WHAT IS NEEDED: Without including any picture, repeat the records below exactly.

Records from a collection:

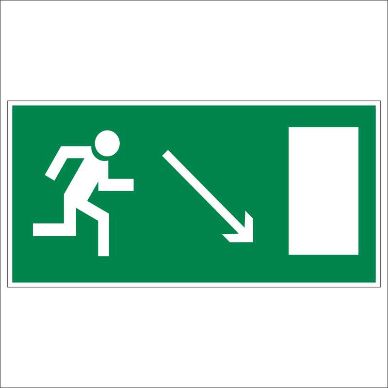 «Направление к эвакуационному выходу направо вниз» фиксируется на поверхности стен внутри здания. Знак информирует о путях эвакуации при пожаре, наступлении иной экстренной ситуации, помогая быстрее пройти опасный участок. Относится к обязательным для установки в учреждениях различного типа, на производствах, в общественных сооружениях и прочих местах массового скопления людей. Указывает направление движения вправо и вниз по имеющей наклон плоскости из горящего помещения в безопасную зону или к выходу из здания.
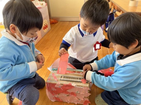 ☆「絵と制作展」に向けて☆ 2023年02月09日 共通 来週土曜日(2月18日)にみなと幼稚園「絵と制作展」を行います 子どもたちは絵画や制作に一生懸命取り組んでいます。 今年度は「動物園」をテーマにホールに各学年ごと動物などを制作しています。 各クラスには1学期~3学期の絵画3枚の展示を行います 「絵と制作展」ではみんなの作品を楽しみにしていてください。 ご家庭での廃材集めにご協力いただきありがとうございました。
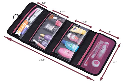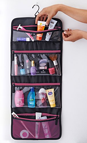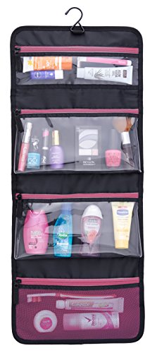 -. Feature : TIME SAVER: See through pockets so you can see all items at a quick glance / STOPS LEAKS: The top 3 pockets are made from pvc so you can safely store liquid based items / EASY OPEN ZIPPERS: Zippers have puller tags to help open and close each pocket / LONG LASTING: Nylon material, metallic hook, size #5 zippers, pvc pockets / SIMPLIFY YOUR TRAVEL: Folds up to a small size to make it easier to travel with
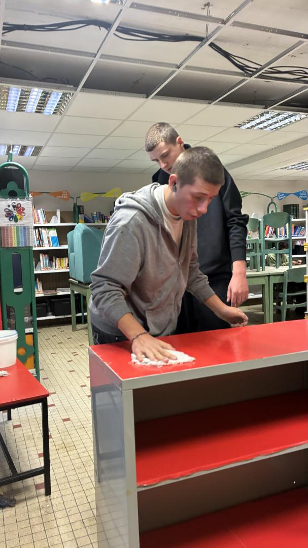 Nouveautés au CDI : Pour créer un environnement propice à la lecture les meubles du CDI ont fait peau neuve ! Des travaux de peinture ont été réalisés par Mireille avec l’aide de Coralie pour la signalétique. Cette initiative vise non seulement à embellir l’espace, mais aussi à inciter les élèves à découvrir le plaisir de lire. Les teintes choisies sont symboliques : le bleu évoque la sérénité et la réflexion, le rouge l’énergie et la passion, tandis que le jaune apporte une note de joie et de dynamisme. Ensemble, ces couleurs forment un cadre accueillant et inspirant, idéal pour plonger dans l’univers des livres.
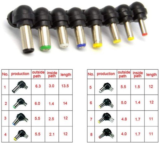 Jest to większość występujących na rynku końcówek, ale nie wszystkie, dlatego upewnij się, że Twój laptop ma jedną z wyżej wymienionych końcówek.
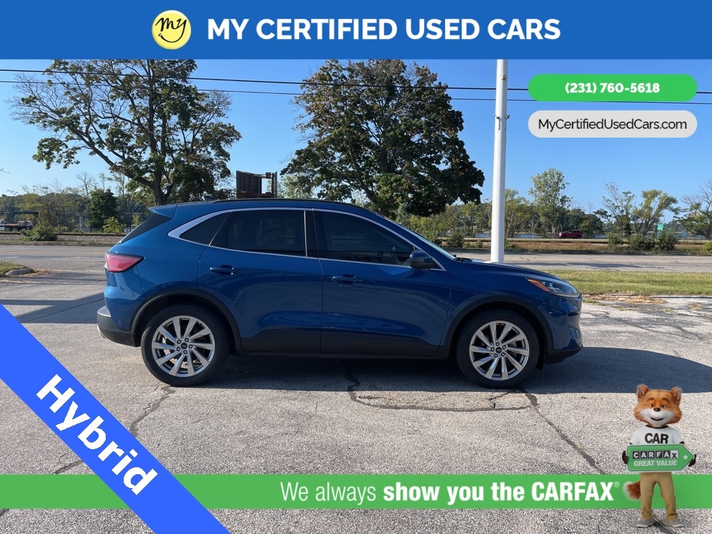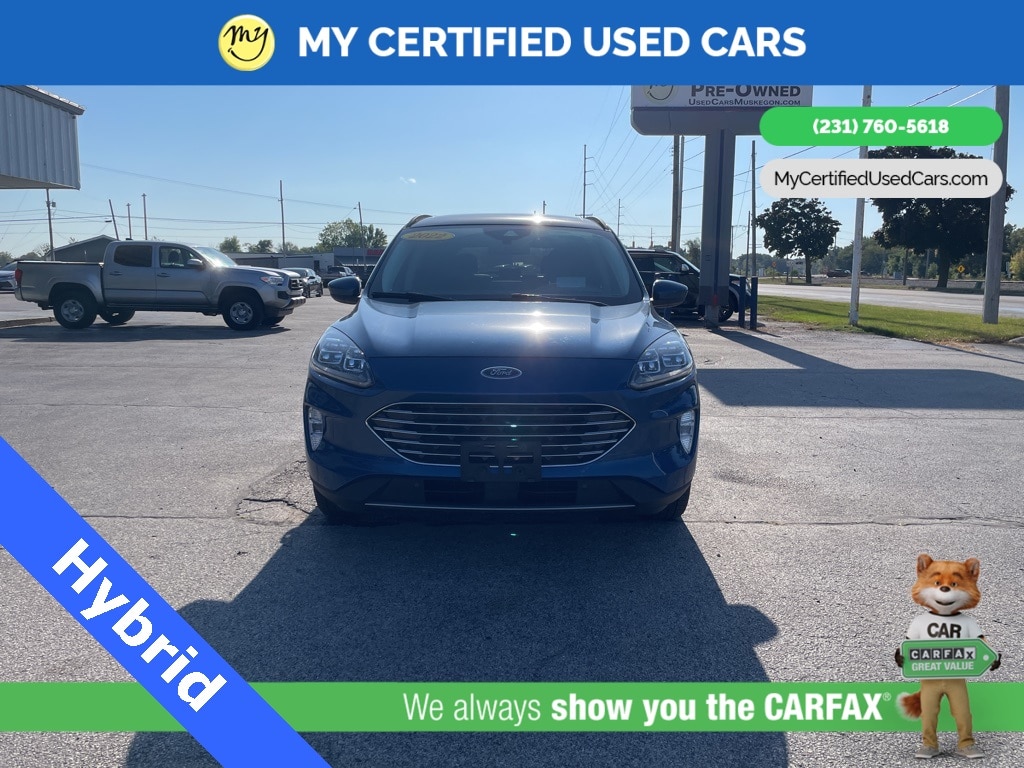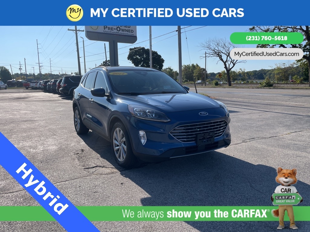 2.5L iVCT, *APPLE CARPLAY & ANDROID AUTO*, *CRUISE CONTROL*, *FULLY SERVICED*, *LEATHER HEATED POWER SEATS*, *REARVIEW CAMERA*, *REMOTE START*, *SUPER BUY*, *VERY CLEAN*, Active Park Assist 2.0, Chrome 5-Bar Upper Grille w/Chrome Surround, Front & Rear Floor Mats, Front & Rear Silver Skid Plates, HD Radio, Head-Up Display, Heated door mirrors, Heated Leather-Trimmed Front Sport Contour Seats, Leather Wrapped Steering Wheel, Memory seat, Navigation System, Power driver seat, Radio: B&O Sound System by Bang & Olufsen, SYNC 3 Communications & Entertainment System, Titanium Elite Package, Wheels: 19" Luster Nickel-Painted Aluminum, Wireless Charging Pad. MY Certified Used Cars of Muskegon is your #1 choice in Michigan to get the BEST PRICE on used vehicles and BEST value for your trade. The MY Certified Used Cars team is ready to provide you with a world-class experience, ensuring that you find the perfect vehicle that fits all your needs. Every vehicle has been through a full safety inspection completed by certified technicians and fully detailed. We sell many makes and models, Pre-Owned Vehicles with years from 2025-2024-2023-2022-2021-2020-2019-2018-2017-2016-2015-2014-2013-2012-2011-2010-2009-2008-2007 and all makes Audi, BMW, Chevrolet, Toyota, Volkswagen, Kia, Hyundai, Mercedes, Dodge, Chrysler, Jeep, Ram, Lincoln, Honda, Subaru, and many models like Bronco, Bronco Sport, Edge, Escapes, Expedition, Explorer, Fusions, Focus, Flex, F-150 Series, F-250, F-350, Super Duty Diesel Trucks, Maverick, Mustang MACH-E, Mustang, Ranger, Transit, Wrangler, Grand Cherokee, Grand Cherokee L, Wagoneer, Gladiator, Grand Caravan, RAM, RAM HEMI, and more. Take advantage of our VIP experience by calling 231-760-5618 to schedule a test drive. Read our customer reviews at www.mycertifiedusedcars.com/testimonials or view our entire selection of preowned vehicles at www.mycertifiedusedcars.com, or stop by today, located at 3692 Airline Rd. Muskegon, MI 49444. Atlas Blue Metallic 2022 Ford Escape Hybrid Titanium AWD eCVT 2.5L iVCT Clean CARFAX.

OUTPUT OF THE EXERCISE:
 «Направление к эвакуационному выходу направо вниз» фиксируется на поверхности стен внутри здания. Знак информирует о путях эвакуации при пожаре, наступлении иной экстренной ситуации, помогая быстрее пройти опасный участок. Относится к обязательным для установки в учреждениях различного типа, на производствах, в общественных сооружениях и прочих местах массового скопления людей. Указывает направление движения вправо и вниз по имеющей наклон плоскости из горящего помещения в безопасную зону или к выходу из здания.
 ☆「絵と制作展」に向けて☆ 2023年02月09日 共通 来週土曜日(2月18日)にみなと幼稚園「絵と制作展」を行います 子どもたちは絵画や制作に一生懸命取り組んでいます。 今年度は「動物園」をテーマにホールに各学年ごと動物などを制作しています。 各クラスには1学期~3学期の絵画3枚の展示を行います 「絵と制作展」ではみんなの作品を楽しみにしていてください。 ご家庭での廃材集めにご協力いただきありがとうございました。
 -. Feature : TIME SAVER: See through pockets so you can see all items at a quick glance / STOPS LEAKS: The top 3 pockets are made from pvc so you can safely store liquid based items / EASY OPEN ZIPPERS: Zippers have puller tags to help open and close each pocket / LONG LASTING: Nylon material, metallic hook, size #5 zippers, pvc pockets / SIMPLIFY YOUR TRAVEL: Folds up to a small size to make it easier to travel with
 Nouveautés au CDI : Pour créer un environnement propice à la lecture les meubles du CDI ont fait peau neuve ! Des travaux de peinture ont été réalisés par Mireille avec l’aide de Coralie pour la signalétique. Cette initiative vise non seulement à embellir l’espace, mais aussi à inciter les élèves à découvrir le plaisir de lire. Les teintes choisies sont symboliques : le bleu évoque la sérénité et la réflexion, le rouge l’énergie et la passion, tandis que le jaune apporte une note de joie et de dynamisme. Ensemble, ces couleurs forment un cadre accueillant et inspirant, idéal pour plonger dans l’univers des livres.
 Jest to większość występujących na rynku końcówek, ale nie wszystkie, dlatego upewnij się, że Twój laptop ma jedną z wyżej wymienionych końcówek.
 2.5L iVCT, *APPLE CARPLAY & ANDROID AUTO*, *CRUISE CONTROL*, *FULLY SERVICED*, *LEATHER HEATED POWER SEATS*, *REARVIEW CAMERA*, *REMOTE START*, *SUPER BUY*, *VERY CLEAN*, Active Park Assist 2.0, Chrome 5-Bar Upper Grille w/Chrome Surround, Front & Rear Floor Mats, Front & Rear Silver Skid Plates, HD Radio, Head-Up Display, Heated door mirrors, Heated Leather-Trimmed Front Sport Contour Seats, Leather Wrapped Steering Wheel, Memory seat, Navigation System, Power driver seat, Radio: B&O Sound System by Bang & Olufsen, SYNC 3 Communications & Entertainment System, Titanium Elite Package, Wheels: 19" Luster Nickel-Painted Aluminum, Wireless Charging Pad. MY Certified Used Cars of Muskegon is your #1 choice in Michigan to get the BEST PRICE on used vehicles and BEST value for your trade. The MY Certified Used Cars team is ready to provide you with a world-class experience, ensuring that you find the perfect vehicle that fits all your needs. Every vehicle has been through a full safety inspection completed by certified technicians and fully detailed. We sell many makes and models, Pre-Owned Vehicles with years from 2025-2024-2023-2022-2021-2020-2019-2018-2017-2016-2015-2014-2013-2012-2011-2010-2009-2008-2007 and all makes Audi, BMW, Chevrolet, Toyota, Volkswagen, Kia, Hyundai, Mercedes, Dodge, Chrysler, Jeep, Ram, Lincoln, Honda, Subaru, and many models like Bronco, Bronco Sport, Edge, Escapes, Expedition, Explorer, Fusions, Focus, Flex, F-150 Series, F-250, F-350, Super Duty Diesel Trucks, Maverick, Mustang MACH-E, Mustang, Ranger, Transit, Wrangler, Grand Cherokee, Grand Cherokee L, Wagoneer, Gladiator, Grand Caravan, RAM, RAM HEMI, and more. Take advantage of our VIP experience by calling 231-760-5618 to schedule a test drive. Read our customer reviews at www.mycertifiedusedcars.com/testimonials or view our entire selection of preowned vehicles at www.mycertifiedusedcars.com, or stop by today, located at 3692 Airline Rd. Muskegon, MI 49444. Atlas Blue Metallic 2022 Ford Escape Hybrid Titanium AWD eCVT 2.5L iVCT Clean CARFAX.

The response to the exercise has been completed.